Как верили наставники всего Средневековья, быть — верховное преимущество Бога, и это Свое преимущество Он по Своей благости дарит всему сущему. Именно уделенное вещи присутствие Бога есть основание ее бытия. «Я не был бы, я совершенно не мог бы быть, если бы Ты не пребывал во мне!» — обращается к Боіу Августин[96]; «Необходимо, — вторит ему через века Аквинат, — чтобы Бог пребывал во всех вещах, и притом внутреннейшим образом»[97]. Потому зло, как уже говорилось выше, тождественно небытию, к которому уклоняется злая воля. «Душа, сознавая свободу свою, — разъясняет Афанасий Александрийский, — усматривает в себе способность употреблять телесные члены как на одно, так и на другое, как на сущее, так и на не-сущее. Сущее же — благо, а не-сущее — зло. И сущее именуют благом, поскольку оно имеет для себя образцы (παραδείγματα) в сущем Боге, а не-сущее именуют злом, поскольку не-сущее произведено человеческими волеизъявлениями»[98]. «Ничто не может пребывать в бытии, не пребывая в сущем, — формулирует Григорий Нисский, — собственное же и первоначально Сущее есть Божие естество, о котором по необходимости должно полагать, что оно во всех сущностях есть само их бытие»[99]. По замечанию Псевдо-Ареопагита, ни бесы по естеству своему не злы… а злы лишь в той мере, в какой не суть; будучи причастны небытию, они делаются причастны злу»[100].
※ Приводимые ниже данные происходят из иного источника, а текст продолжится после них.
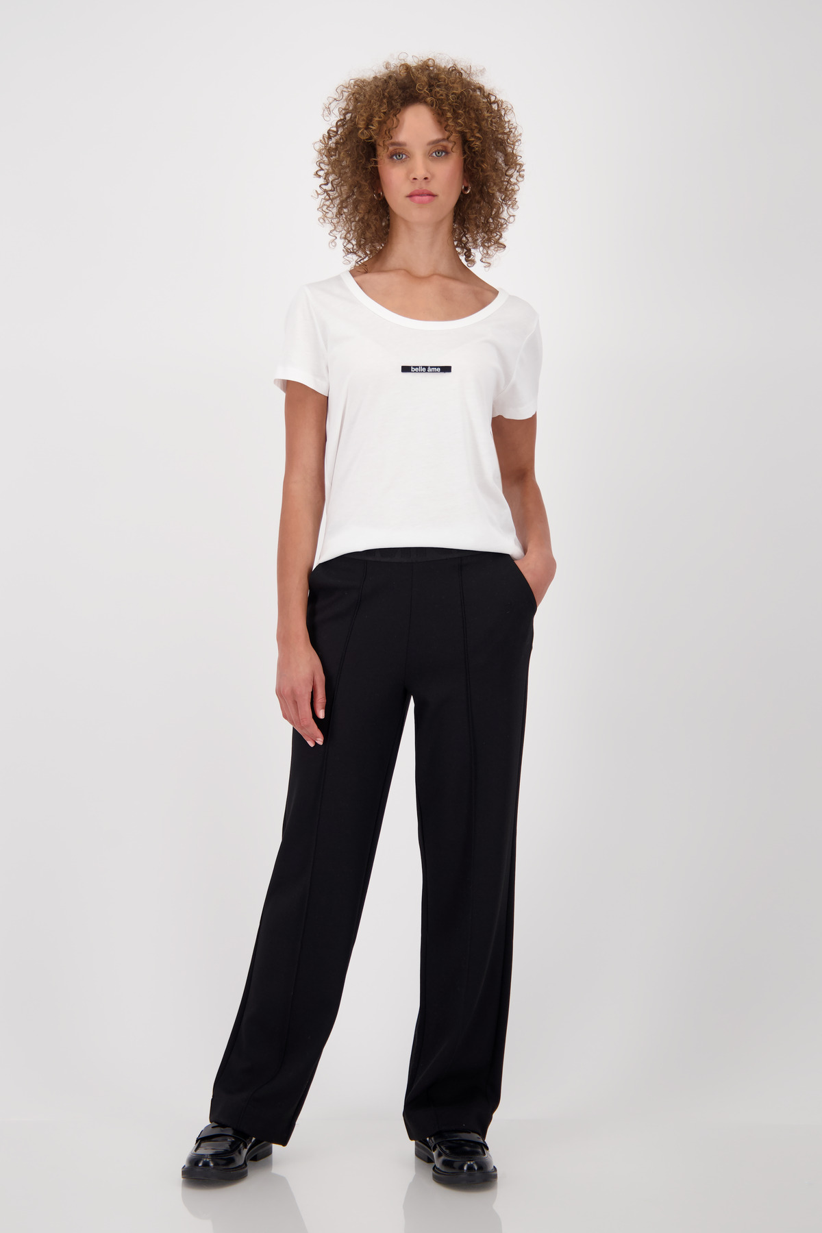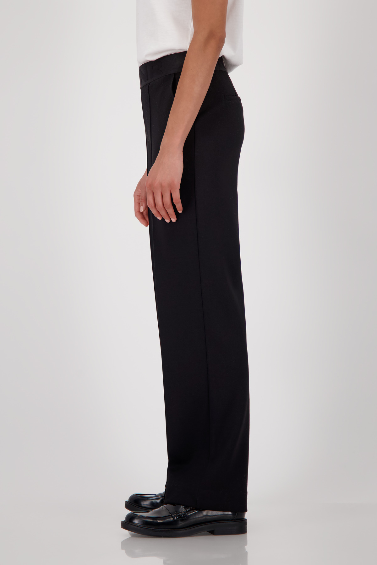 Rovný strih je umocnený jemným záhybom, zatiaľ čo bočné vrecká a imitácia zadných vreciek dodávajú praktické a štýlové detaily.
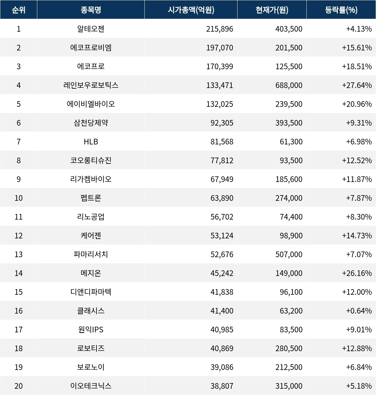 26일 한국거래소에 따르면, 시가총액 1위인 알테오젠(196170)은 현재가 403,500원으로 전 거래일 대비 4.13% 오르며 강세를 보이고 있다. 시가총액은 21조 5896억원이며, 외국인 비율은 13.40%다. 거래량은 1,231,851주에 달하며, PER 171.85배, ROE 29.52%로 재무 지표에서 긍정적인 모습을 보인다. 2위인 에코프로비엠(247540)은 201,500원으로 15.61% 급등하며, 거래량은 3,011,627주다. 시가총액은 19조 7070억원이며, 외국인 비율은 12.74%다. PER은 6,296.88배로 상당히 높은 편이며, ROE는 -6.26%다.
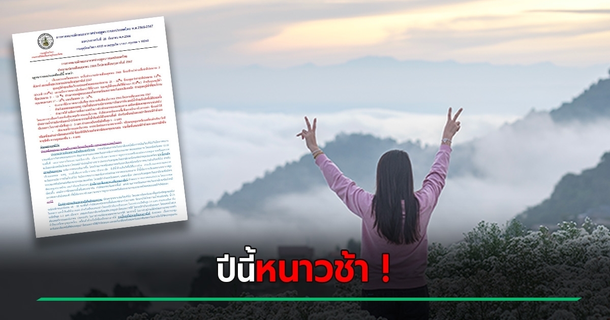 กรมอุตุนิยมวิทยา คาดฤดูหนาวของไทยปีนี้ มาช้ากว่าปกติประมาณ 2 สัปดาห์ จบที่ปลายเดือนกุมภาพันธ์ 2567 และหนาวน้อยกว่าปีที่แล้ว
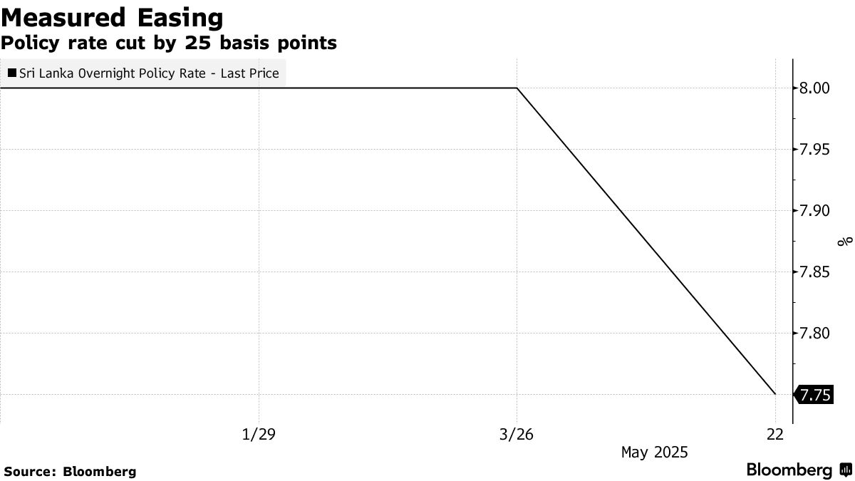 斯里蘭卡央行於5月22日將隔夜政策利率下調25個基點至7.75%。彭博調查的經濟學家中無人預見到這一舉措。
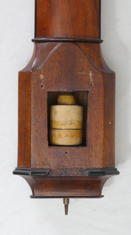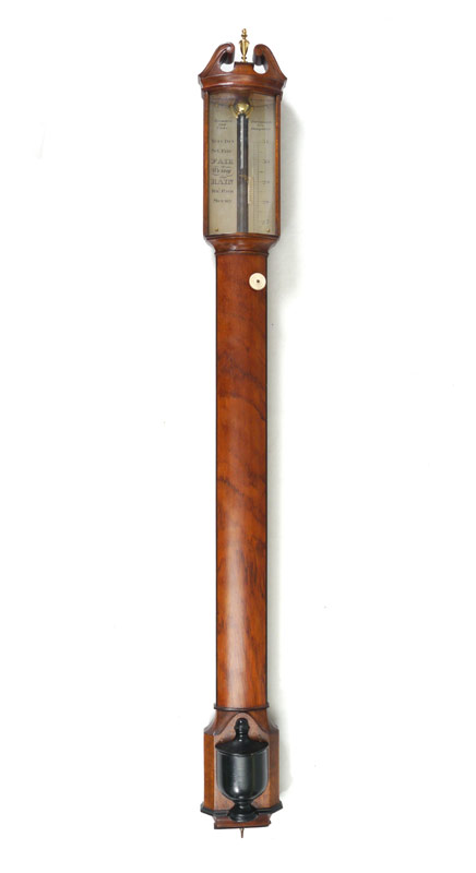 SAUNDERS & COOK STICK BAROMETER: Mahogany case, broken arch pediment with brass urn finial. Brass face marked Saunders & Cooke, Portsmouth, New Hampshire. Bone adjustment knob. Overall 40 1/2'' h x 4 1/2'' x 3''.
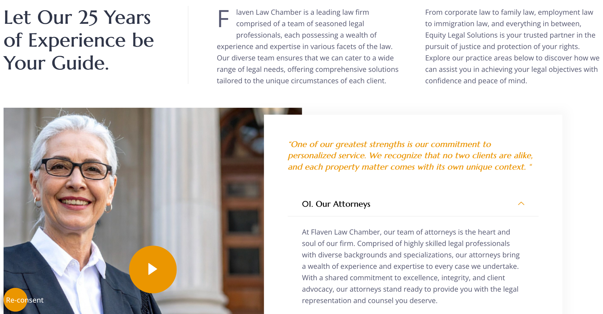 Further inconsistencies appear in the site’s internal structure. References to unrelated entity names suggest reuse of pre-existing templates, while numerical claims regarding years of experience and case success rates are presented without attribution or supporting evidence. Testimonials are similarly non-verifiable, lacking identifiable individuals or associated matters.
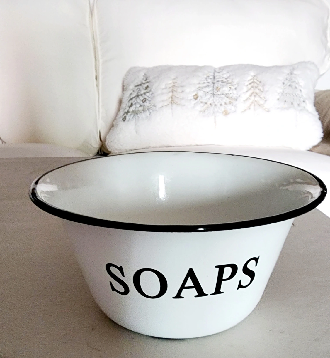 This french country soap bowl dish is a perfect accessory to your farmhouse bathroom or kitchen decor. Would also make a terrific gift for any occasion or holiday filled with goodies instead of a basket!
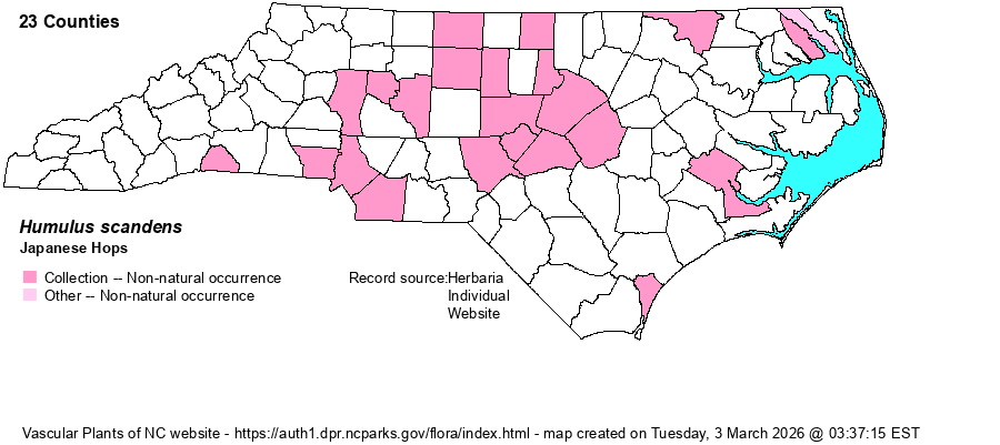 | Identification | Japanese Hops is a long-creeping or scrambling vine that forms rather monospecific patches. Individual stems reach 9 feet long or so, much-branched, and very prickly-haired. Leaves are large and alternate, well-spaced, palmate into 3 broad segments plus 2 or more narrower lobes, margins serrate. Inflorescences are male or female, in leaf axils or terminal, males in open panicles, females in spikes. It is told from H. pubescens by the prickly hairs on the leaf undersides (vs. none) and more leaf lobes (5-9 lobes vs. 1-3 lobes in H. pubescens). | |
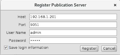 2.enter publication server Host,port,username,password and click Register button
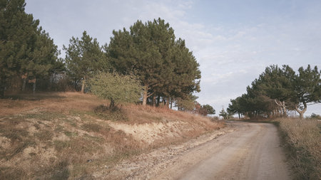 Autumn landscape of pine trees on the road to the sea.
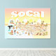 Um espetacular mapa do sul da Califórnia - Los Angeles, Anaheim, Long Beach, San Diego e centenas de outras cidades. Esta cena encantadora tem tudo - uma surfista pendura dez como uma sereia salta numa rocha, uma T-Rex lança um desafio, uma baleia assassina salta da água enquanto um casal de praia muscular flutua para impressionar e muito mais...

Исконно эллинское переживание бытийственности вещей как присущей им «красоты»[101] дополняется в патристике новый моментом: в языческом мировом целом бытие распределяла безразличная жеребьевка Мойры (слово μοίρα и значит «доля», «жребий»); в христианском мировом целом его дарит «благодать» (слово χάρις и значит «милость», «дар»). Для язычника все просто: до тех пор пока вещь — хотя бы этой вещью был он сам! — обладает бытием, бытие принадлежит вещи по праву жеребьевки, достается ей как законная добыча; а потом по таким же твердый законам, безразличный к каждой отдельной вещи и к каждому отдельному лицу, бытие отбирается обратно, и жаловаться здесь некому, как некого было благодарить. По замечательному изречению Анаксимандра, вобравшему в себя смысловое содержание многих мифов и древних учений, «из чего возникают все вещи, в то же самое они и разрешаются согласно необходимости; ибо они за нечестие свое несут кару и получают возмездие друг от друга в установленное время»[102]. В таком мире бытие всецело и до конца принадлежит вещи, но этому бытию не принадлежит будущее. Не то в мпре патристической философии. Там каждая вещь и сам человек сотворены, призваны к бытию от небытия, извлечены зовом Бога из темноты Ничто и еще сохранили на себе печать Ничто; богословие назвало эту печать «тварностью». Как разъясняли средневековые вероучители, души людей и ангелов бессмертны вовсе не по своей сущности — ибо даже они сохраняют характер «тварности», — но по действию Бога, вновь и вновь восстанавливающему их бытие. Христианское сознание ощущает себя над пропастью небытия, над которой его удерживает рука Бога. Откуда же в вещи, откуда в человеке присутствие бытия, если оно уже не мыслится как само собой разумеющийся удел всего бытийствующего? Ответ гласил: бытие — χάρις, «милость» и «подарок» Творца, на которое «от небытия в бытие приведенный» человек и весь мир могут отвечать только изумлением и слезами. Ибо «не только бытийствующее, но и само бытие бытийствующего исходит от Предвечно-Бытийствующего», как это формулирует на своем непомерно изощренном языке Псевдо-Ареопагит[103].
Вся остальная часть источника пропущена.